Living holy in the day-to-day today | Lifestyle.INQ

OCTOBER 27, 2022

Feb. 12—6th Sunday in Ordinary Time

Readings: Sirach 15:15-20; Psalm 19, R. Blessed are they who follow the law of the Lord!; 1 Cor 2:6-10; Gospel—Matthew 5:17-37

“So be perfect, just as your heavenly Father is perfect.” (Matthew 5:48) This line, which ends next Sunday’s Gospel, gives us the overarching theme of this and next Sunday’s Gospels.

In Leviticus (19: 2) God tells his people, “You shall be holy; for I Yahweh your God am holy” (Leviticus 19:2).

I invite you to reflect on God’s call to holiness. Three elements of holiness: First, “I tell you, unless your righteousness surpasses that of the scribes and Pharisees, you will not enter the kingdom of heaven.” (cf. today’s Gospel, Matthew 5: 17-37)

Second, Christian holiness comes from the fulfillment of the law, the basic covenant between God and his people, with us; the law as fulfilled by Jesus.
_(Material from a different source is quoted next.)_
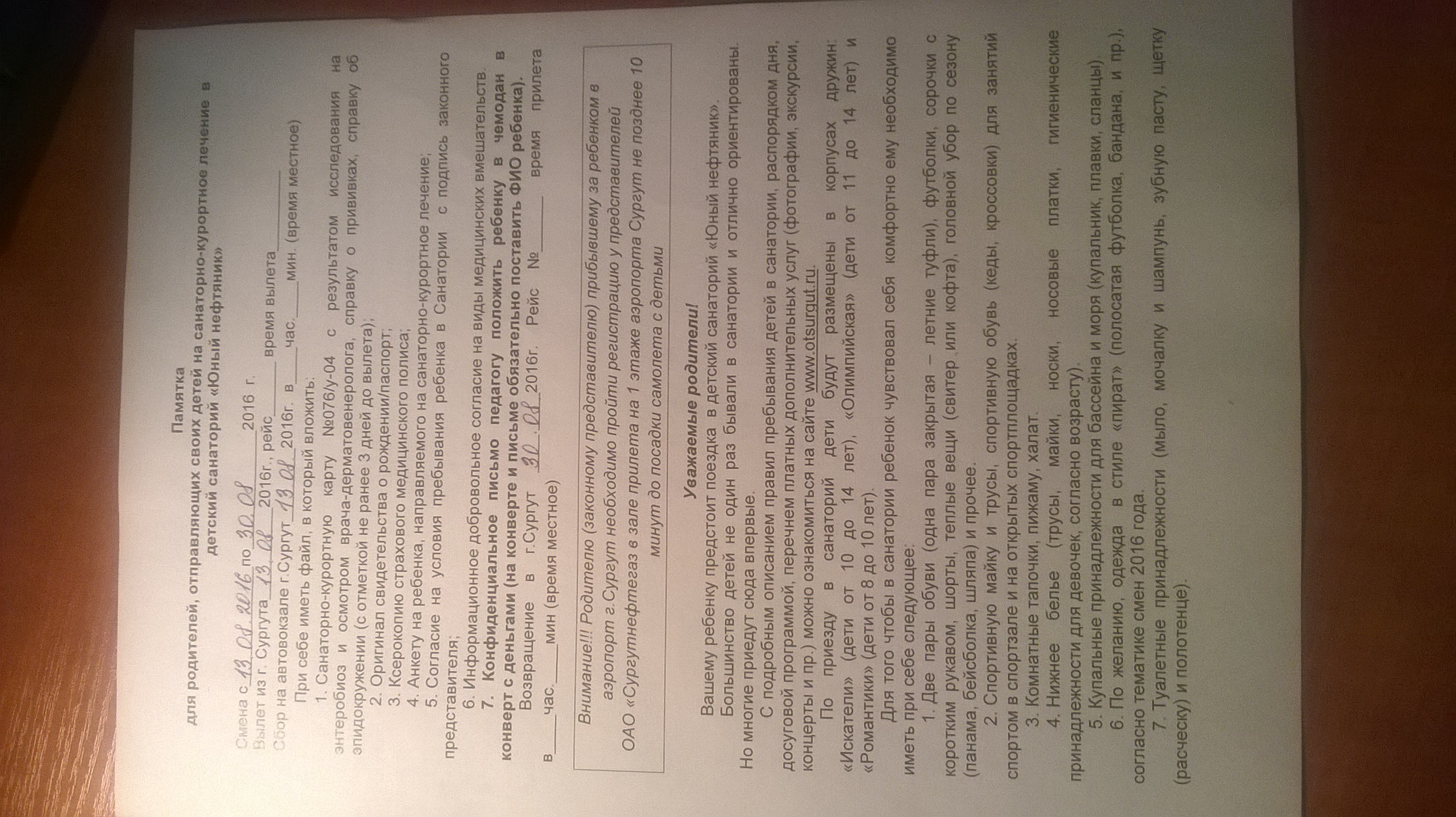 _ЮЛЯ_ писал(а): : 1.04.2016 19:24 Мы сына отправили в ЮН прошлым летом. Планов таких не было, но на работе у мужа появилась"горящая путевка". Думать времени не было. В четверг предложили путевку,в воскресенье вылет. За 3 дня сделали сан-курортную карту.(пришкольный лагерь работал до конца июня, друзья,одноклассники разъехались ,болтался на улице, а больше времени проводил за компом,поэтому вопрос о поездке в лагерь решился сразу) Организация поездки отработана у сотрудников СНГ на 5, от начала до конца.( везде автобусы сопровождают патрули ДПС и собст.служба безопасности) У сына отряд назывался Романтики, самые младшие дети. Комната на 4 пацанов . Питание отличное( у ребенка атоп.дерматит),с утра лечение,после сна - море. Вечером танцульки. Вывозили детей в аквапарк, дельфинарий. Мы сына забирали из лагеря сами.Пока у них был обед мы успели с мужем побродить по территории,пообщаться с воспитателями и вожатыми. Скажу честно,мы были в восторге от всего. Все в головных уборах,чистые, у девочек волосы прибраны. Ни одной испорченной вещи после стирки. Очень надеюсь что в этом году путевку нам дадут. Сын с января бредит поездкой. ![]() Юля, а можно вопросы еще в личку по поводу лагеря вам задать? Тут нет отдельной темы по лагерю Юный нефтяник, а я первый раз отправляю сына ( ему 12 лет и я не знаю с кем поговорить на эту тему...)

Third, holiness is lived in the day to day, and in very concrete circumstances of our life.

More pastoral

The critique of the Lord of the religious authorities of his time we liken to Pope Francis’ early statement when he assumed the papacy in 2013, i.e., we should be more pastoral and less dogmatic.

Just as Pope Francis did not throw dogma out but created—still creating—a balance between dogma and pastoral care, so it was with the Lord, “ … unless your righteousness surpasses that of the scribes and Pharisees.”
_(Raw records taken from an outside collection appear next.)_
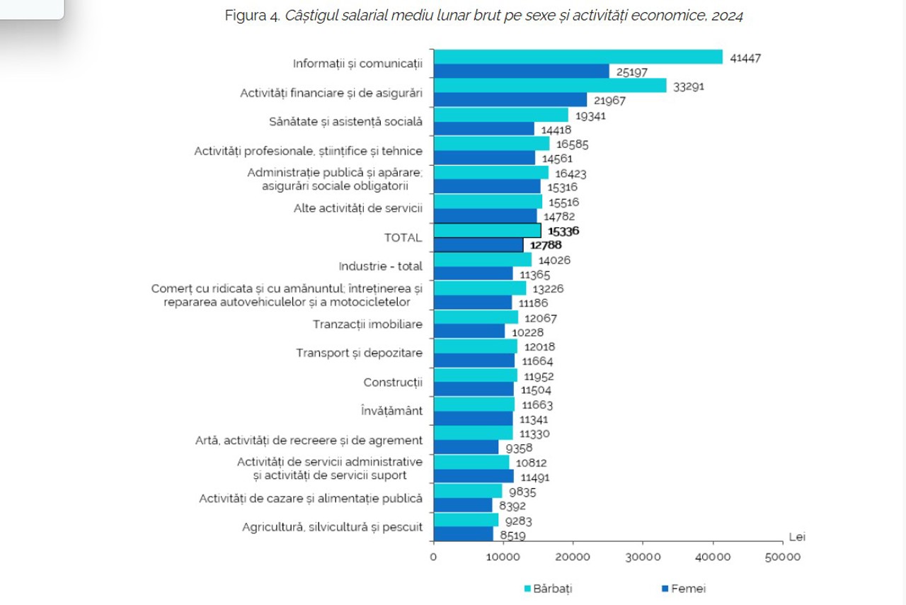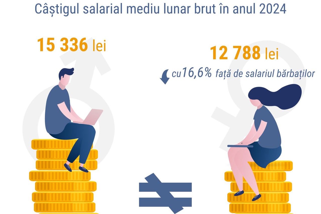 Potrivit datelor Biroului Național de Statistică, salarial mediu lunar brut al femeilor, în anul 2024, a constituit 12.787 de lei, în timp ce bărbații au primit în medie 15.335 de lei.
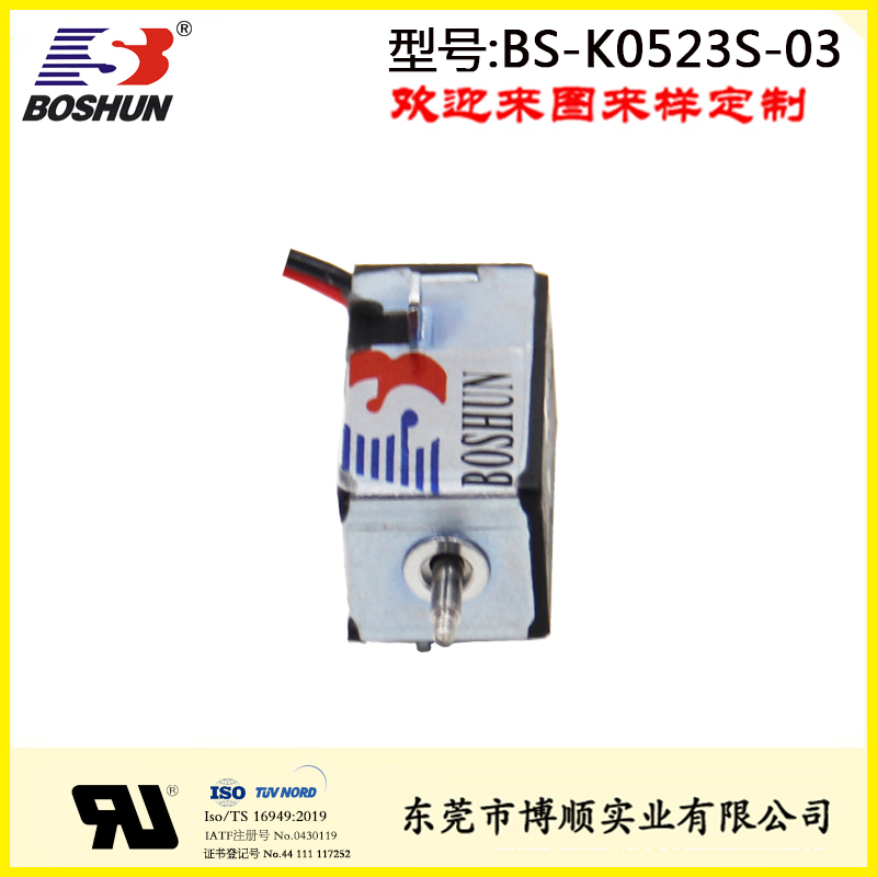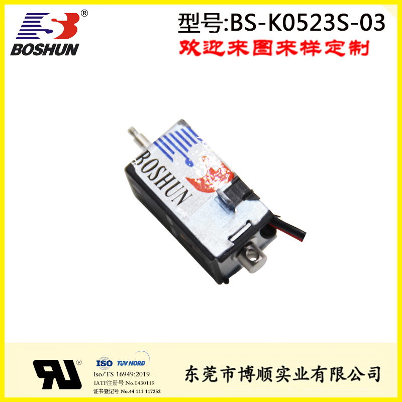 售票機電磁鐵 BS-K0523S-03是由東莞博順電磁鐵廠家研發設計并生產的一款電磁鐵,此類雙向自保持式電磁鐵用于實體售票機上,具有結構可改,參數可調優點。
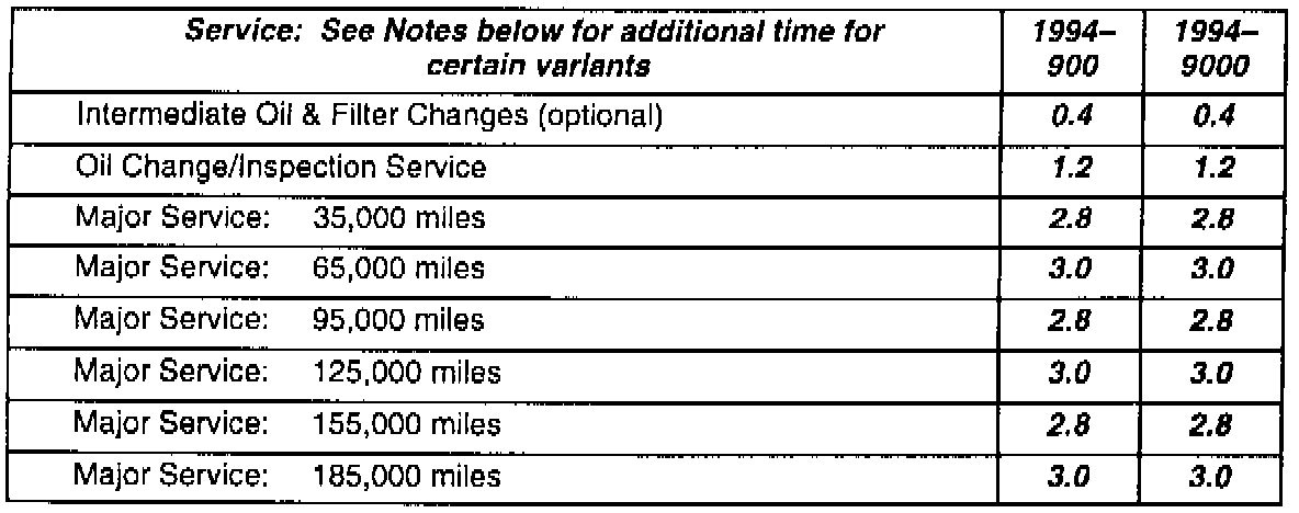 **Listed below are the times you can use in developing a Service Menu for the 1994, 1995 and 1996 900 models for your Dealership (times for 9000 remain the same from 1993 but for your convenience have been included):**

I would like to consider that there is an implicit recognition of some righteousness, but in need of “surpassing.” This is one of the key elements of “holy, sinful church,” always in need of reform and conversion.
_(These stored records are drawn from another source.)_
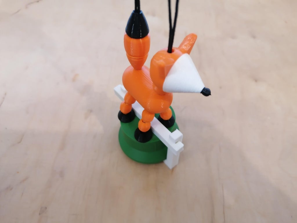 We've designed these collapsible animal toys for 3D printing based on toys from our childhood that were made from wood. When you press the button that is spring-loaded, the strings that hold all the parts together get loosened and that makes the animal collapse. This model was made by Adrien from our 3Demon team.
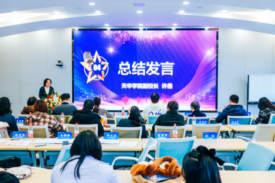 会议最后,天华学院副校长许岳发表了总结讲话。她高度评价了参与境外学习实习的同学们,称他们是“勇敢专注的学习者、文化的积极传播者、国际交流的推广者”。许校长鼓励更多的同学积极参与多元化的学习与实践活动,传播留学正能量。同时,她强调,学校将群策群力,努力将高质量的国际项目推广至每一位天华学子,助力他们在国际舞台上展现风采。
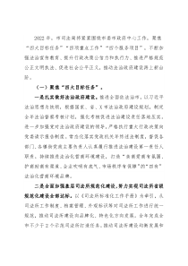 2022年,市司法局将紧紧围绕市委市政府中心工作,聚焦“四大目标任务”“四项重点工作”“四个服务项目”,不断加强法治宣传教育、提升行政决策公信力和执行力、推进严格规范公正文明执法、促进社会公平正义,推动法治政府建设再上新台阶。(一)聚焦“四大目标任务”。一是扎实做好法治政府建设。推进全面依法治市,

Holiness, thus, includes our acknowledgment of our need for continuing conversion, the humility to accept our shortcomings and the need for God’s grace.

Second, holiness comes from the fulfillment of the law. We must establish here that the two great traditions of the People of God were the law and the prophets, represented by Moses and Elijah, respectively in the Transfiguration.

The Transfiguration was an affirmation of Jesus’ continuity of these two great traditions. Not just continuity, but fulfillment.

He fulfills the law by defining the greatest of all commandments—love: love one another as I have loved you; love God with all our heart, mind and soul; love our enemies.

This is the fulfillment of the law, which started with the basic relationship between God and us in the Old Testament, “I will be your God, you will be my people” (Exodus 6:7), and developed into our becoming sons and daughters in the Lord, “And I will be a father to you, And you shall be sons and daughters to me.” (2 Corinthians 6:18)

‘Missing link’

Thus, the law is fulfilled, perfected in the great commandment of love, perfected in Jesus our Lord who is perfect love on the Cross and in the Resurrection.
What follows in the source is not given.